§ Listed records
········
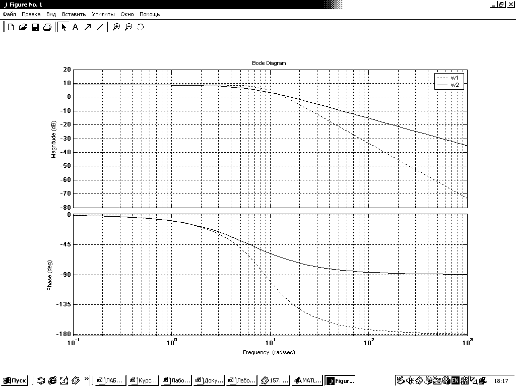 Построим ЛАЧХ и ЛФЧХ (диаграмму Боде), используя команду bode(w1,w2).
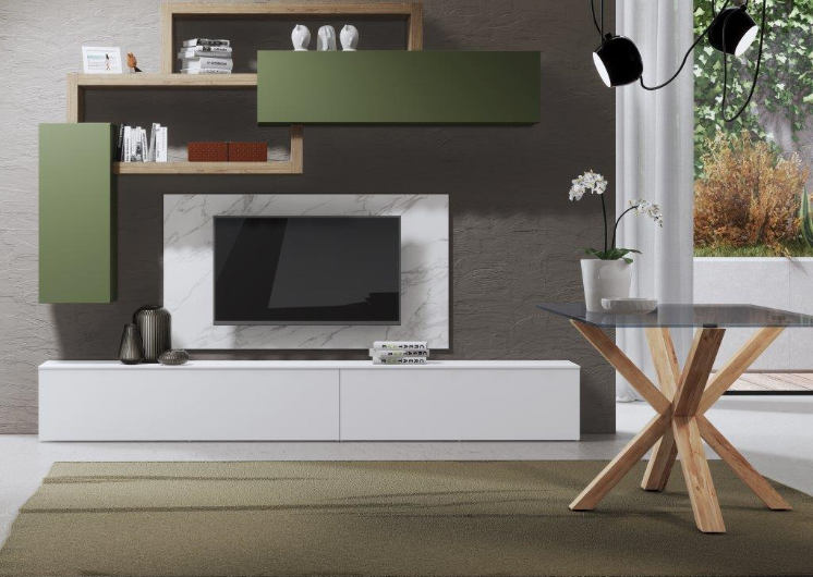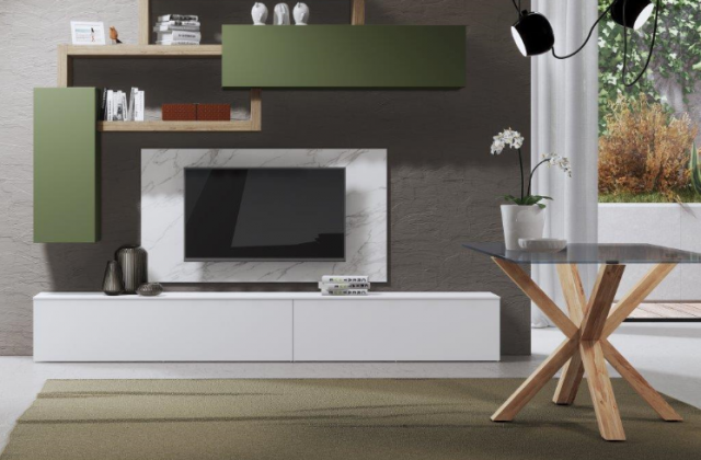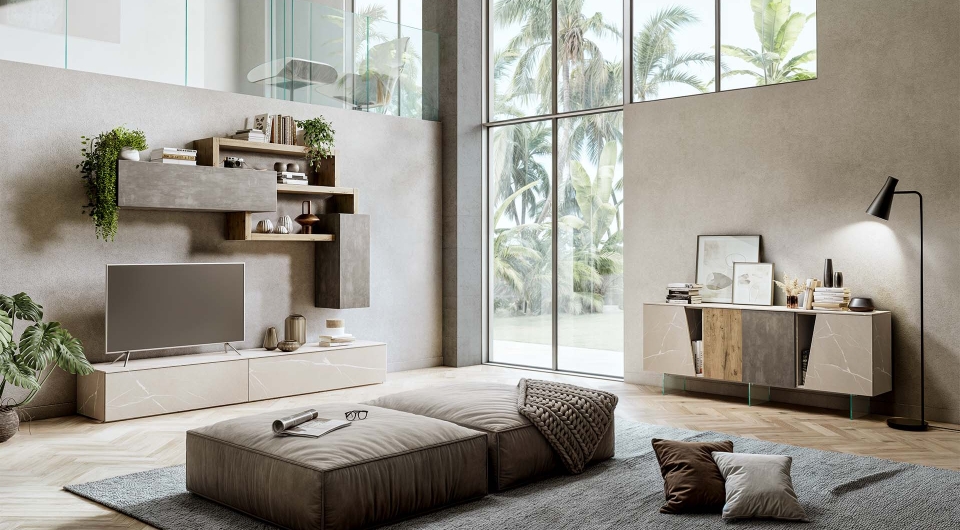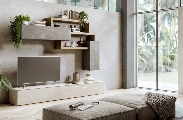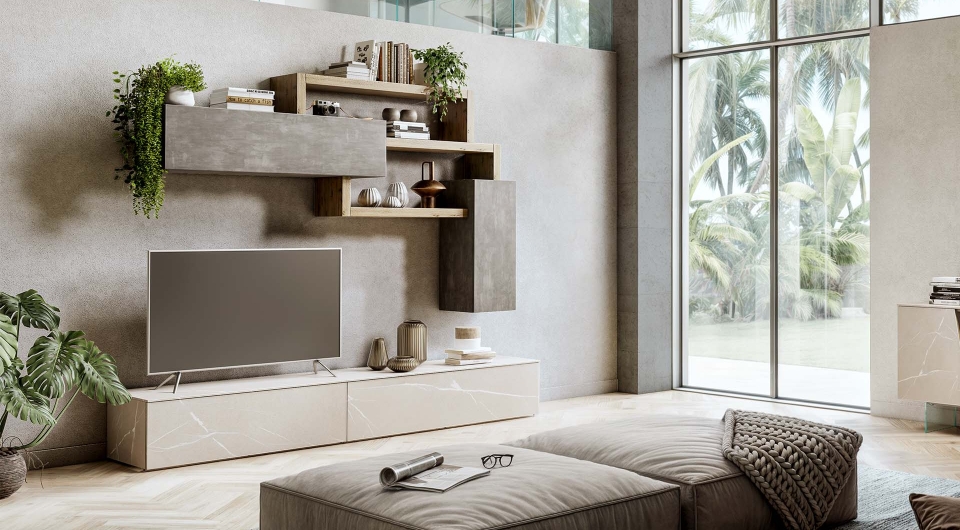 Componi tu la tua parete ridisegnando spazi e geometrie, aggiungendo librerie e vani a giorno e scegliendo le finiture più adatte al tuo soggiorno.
········
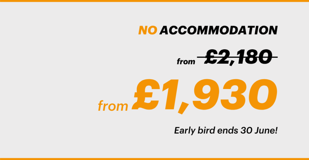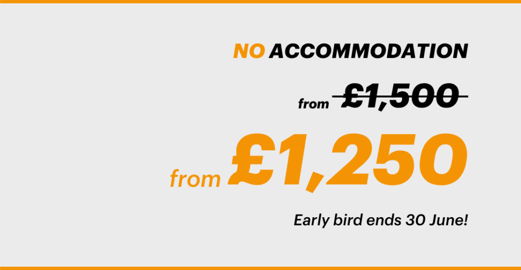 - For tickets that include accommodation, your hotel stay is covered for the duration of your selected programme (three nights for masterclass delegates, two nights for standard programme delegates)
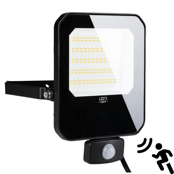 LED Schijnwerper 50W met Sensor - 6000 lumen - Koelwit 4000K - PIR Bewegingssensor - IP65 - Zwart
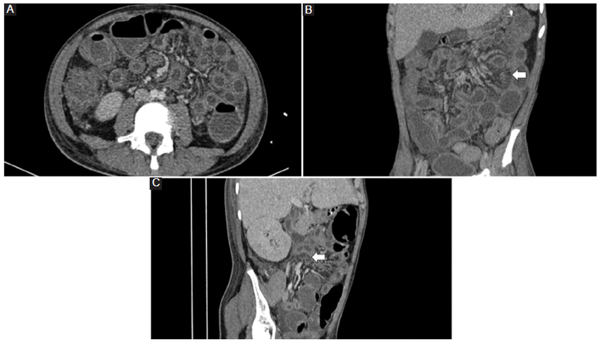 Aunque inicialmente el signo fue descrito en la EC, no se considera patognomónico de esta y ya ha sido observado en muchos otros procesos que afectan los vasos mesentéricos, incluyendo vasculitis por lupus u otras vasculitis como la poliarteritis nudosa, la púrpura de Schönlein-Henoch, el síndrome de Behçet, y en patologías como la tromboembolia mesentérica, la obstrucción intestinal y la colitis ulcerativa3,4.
········
§ Task
From the records above, give again only the part that opens with the line containing "Построим ЛАЧХ и" and closes with the line containing "Componi tu la". Keep both ends but drop the pictures.

§ Result for this exercise
 Построим ЛАЧХ и ЛФЧХ (диаграмму Боде), используя команду bode(w1,w2).
 Componi tu la tua parete ridisegnando spazi e geometrie, aggiungendo librerie e vani a giorno e scegliendo le finiture più adatte al tuo soggiorno.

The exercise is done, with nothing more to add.